What the exercise asks
The span to repeat in the listing below runs from the line containing "This is a line" to the line containing "Несмотря на внушительные", inclusive. Repeat it exactly, and only it.
___ Input for this task
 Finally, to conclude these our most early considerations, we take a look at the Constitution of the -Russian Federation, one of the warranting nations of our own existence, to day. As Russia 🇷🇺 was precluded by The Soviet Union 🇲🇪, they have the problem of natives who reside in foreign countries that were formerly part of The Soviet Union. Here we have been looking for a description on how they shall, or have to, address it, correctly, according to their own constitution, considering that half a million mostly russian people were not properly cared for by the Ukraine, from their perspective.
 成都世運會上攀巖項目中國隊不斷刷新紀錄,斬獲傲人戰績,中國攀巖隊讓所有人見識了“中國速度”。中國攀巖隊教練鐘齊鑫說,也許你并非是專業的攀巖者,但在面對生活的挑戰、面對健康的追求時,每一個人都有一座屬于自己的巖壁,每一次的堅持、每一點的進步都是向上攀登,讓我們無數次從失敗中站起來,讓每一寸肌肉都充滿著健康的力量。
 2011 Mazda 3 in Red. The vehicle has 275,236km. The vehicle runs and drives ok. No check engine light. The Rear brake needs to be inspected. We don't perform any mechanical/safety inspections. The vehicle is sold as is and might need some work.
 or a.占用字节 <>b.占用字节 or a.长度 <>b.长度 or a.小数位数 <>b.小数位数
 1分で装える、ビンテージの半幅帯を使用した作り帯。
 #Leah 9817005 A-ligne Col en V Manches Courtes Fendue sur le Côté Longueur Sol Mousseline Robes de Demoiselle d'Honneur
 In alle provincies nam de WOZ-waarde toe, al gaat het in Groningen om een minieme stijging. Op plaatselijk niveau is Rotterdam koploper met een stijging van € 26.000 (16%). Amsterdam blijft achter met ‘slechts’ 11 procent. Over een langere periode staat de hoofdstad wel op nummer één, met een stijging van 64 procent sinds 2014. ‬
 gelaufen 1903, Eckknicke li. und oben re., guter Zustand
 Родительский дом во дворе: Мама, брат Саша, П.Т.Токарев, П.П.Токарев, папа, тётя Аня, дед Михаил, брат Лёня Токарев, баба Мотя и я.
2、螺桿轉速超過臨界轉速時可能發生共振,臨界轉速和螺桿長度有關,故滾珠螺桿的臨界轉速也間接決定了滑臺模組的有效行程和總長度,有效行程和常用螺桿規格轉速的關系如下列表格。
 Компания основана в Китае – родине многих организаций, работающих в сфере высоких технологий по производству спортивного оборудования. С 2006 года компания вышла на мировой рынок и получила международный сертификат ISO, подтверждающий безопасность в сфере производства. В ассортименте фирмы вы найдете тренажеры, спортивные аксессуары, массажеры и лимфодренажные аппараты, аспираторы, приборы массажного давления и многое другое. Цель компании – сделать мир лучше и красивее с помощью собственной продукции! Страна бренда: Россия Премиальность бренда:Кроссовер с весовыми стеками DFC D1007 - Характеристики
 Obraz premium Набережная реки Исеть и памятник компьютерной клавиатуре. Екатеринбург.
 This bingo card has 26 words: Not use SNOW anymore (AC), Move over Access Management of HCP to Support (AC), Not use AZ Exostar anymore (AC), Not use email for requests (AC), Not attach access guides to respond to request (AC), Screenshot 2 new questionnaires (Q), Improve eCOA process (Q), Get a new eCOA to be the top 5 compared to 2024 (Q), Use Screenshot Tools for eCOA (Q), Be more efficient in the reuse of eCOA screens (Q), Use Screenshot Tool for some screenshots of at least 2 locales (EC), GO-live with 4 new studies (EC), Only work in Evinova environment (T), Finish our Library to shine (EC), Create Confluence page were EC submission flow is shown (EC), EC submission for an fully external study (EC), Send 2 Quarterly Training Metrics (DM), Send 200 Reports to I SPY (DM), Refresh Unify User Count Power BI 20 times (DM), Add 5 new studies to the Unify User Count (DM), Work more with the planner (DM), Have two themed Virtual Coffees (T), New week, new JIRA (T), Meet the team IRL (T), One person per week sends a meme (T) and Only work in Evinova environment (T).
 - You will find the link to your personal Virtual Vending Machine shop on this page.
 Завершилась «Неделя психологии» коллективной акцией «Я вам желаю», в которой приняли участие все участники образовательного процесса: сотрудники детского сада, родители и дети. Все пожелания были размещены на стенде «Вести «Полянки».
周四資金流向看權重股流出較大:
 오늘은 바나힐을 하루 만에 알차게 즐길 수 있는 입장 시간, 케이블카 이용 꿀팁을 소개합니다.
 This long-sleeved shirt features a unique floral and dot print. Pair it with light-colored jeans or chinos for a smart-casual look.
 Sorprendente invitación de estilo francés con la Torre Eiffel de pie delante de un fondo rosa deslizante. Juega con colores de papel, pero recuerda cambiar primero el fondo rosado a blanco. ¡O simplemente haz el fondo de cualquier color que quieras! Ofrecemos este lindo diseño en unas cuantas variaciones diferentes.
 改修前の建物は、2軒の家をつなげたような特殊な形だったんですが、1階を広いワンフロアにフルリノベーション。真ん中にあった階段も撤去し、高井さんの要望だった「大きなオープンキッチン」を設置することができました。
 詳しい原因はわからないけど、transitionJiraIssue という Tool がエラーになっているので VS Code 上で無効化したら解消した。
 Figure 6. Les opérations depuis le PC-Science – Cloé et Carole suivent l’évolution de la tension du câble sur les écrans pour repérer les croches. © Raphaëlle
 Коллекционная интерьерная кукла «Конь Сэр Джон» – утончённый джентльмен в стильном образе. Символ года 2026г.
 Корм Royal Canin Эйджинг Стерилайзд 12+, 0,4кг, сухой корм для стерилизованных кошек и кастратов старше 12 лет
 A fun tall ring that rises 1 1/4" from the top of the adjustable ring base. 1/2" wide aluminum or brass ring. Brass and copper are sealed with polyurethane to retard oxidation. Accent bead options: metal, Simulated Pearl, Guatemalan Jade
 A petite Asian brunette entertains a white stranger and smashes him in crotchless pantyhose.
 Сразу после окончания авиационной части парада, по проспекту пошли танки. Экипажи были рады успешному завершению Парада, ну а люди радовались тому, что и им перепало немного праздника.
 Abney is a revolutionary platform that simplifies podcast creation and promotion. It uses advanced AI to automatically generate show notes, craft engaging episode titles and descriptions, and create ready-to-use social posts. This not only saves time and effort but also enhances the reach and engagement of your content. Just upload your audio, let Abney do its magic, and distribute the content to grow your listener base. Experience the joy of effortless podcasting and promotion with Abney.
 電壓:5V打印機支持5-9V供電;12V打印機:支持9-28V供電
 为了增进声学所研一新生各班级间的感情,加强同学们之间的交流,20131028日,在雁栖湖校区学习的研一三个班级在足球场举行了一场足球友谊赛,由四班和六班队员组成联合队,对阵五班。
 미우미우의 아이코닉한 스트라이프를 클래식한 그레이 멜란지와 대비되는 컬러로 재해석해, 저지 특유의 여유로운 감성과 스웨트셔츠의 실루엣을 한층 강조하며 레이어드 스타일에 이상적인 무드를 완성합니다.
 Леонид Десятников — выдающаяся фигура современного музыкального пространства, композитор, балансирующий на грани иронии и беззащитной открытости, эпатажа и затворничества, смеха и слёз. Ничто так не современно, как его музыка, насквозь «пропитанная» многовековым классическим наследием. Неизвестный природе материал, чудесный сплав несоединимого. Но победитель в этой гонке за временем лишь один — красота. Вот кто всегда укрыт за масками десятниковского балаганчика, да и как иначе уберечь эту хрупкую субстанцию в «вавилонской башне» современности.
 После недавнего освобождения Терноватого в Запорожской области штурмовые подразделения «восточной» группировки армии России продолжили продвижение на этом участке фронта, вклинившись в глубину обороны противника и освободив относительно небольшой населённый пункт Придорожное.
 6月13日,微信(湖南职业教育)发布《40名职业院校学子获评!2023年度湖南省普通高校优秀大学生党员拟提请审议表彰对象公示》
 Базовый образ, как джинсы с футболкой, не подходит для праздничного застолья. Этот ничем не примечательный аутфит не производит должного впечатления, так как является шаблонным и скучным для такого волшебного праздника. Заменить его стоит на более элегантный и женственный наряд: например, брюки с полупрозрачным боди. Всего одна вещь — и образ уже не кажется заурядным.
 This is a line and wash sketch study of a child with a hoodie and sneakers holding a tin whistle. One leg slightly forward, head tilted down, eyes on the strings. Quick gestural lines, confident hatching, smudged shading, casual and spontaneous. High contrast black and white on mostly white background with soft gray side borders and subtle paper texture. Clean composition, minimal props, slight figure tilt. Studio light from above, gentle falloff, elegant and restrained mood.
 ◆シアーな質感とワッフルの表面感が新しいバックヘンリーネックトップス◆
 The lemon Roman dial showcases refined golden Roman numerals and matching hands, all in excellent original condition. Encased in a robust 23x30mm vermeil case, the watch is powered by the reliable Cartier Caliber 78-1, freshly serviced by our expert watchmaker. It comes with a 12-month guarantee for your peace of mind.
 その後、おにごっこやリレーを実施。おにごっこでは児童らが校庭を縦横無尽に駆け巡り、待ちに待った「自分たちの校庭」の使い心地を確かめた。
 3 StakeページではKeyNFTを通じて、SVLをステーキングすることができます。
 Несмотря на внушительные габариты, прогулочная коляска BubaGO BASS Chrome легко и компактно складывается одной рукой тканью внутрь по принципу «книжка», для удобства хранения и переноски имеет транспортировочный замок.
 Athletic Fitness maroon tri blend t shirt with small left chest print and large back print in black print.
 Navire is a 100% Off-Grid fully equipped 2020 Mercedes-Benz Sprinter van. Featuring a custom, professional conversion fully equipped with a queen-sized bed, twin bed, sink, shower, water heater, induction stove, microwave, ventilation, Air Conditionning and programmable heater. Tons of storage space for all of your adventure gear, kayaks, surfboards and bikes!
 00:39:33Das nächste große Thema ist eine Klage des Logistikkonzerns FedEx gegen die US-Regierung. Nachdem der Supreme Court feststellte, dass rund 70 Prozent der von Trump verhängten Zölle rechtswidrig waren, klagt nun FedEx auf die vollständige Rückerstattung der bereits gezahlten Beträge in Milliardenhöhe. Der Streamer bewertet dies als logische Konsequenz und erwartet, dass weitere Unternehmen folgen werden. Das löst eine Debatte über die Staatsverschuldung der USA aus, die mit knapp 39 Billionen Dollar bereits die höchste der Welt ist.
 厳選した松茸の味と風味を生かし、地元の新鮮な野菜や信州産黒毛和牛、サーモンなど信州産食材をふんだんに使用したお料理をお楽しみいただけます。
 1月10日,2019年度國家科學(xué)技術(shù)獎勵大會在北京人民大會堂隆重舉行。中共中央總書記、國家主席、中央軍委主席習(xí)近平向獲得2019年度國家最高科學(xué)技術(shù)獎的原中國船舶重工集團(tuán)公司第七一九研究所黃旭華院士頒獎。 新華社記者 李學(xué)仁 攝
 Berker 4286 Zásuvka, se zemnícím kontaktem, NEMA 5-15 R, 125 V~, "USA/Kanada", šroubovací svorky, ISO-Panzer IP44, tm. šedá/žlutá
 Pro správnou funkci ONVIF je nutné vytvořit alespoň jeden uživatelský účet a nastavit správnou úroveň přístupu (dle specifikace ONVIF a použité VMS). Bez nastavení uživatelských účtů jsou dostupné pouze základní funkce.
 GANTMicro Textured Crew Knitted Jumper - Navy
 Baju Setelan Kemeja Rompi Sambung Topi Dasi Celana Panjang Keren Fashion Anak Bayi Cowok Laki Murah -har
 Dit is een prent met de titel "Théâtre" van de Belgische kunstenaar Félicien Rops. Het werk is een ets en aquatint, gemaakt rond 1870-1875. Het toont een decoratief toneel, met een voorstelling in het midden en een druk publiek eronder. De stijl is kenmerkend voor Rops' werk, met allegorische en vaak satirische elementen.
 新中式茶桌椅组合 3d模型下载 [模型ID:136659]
______
Your solution
 This is a line and wash sketch study of a child with a hoodie and sneakers holding a tin whistle. One leg slightly forward, head tilted down, eyes on the strings. Quick gestural lines, confident hatching, smudged shading, casual and spontaneous. High contrast black and white on mostly white background with soft gray side borders and subtle paper texture. Clean composition, minimal props, slight figure tilt. Studio light from above, gentle falloff, elegant and restrained mood.
 ◆シアーな質感とワッフルの表面感が新しいバックヘンリーネックトップス◆
 The lemon Roman dial showcases refined golden Roman numerals and matching hands, all in excellent original condition. Encased in a robust 23x30mm vermeil case, the watch is powered by the reliable Cartier Caliber 78-1, freshly serviced by our expert watchmaker. It comes with a 12-month guarantee for your peace of mind.
 その後、おにごっこやリレーを実施。おにごっこでは児童らが校庭を縦横無尽に駆け巡り、待ちに待った「自分たちの校庭」の使い心地を確かめた。
 3 StakeページではKeyNFTを通じて、SVLをステーキングすることができます。
 Несмотря на внушительные габариты, прогулочная коляска BubaGO BASS Chrome легко и компактно складывается одной рукой тканью внутрь по принципу «книжка», для удобства хранения и переноски имеет транспортировочный замок.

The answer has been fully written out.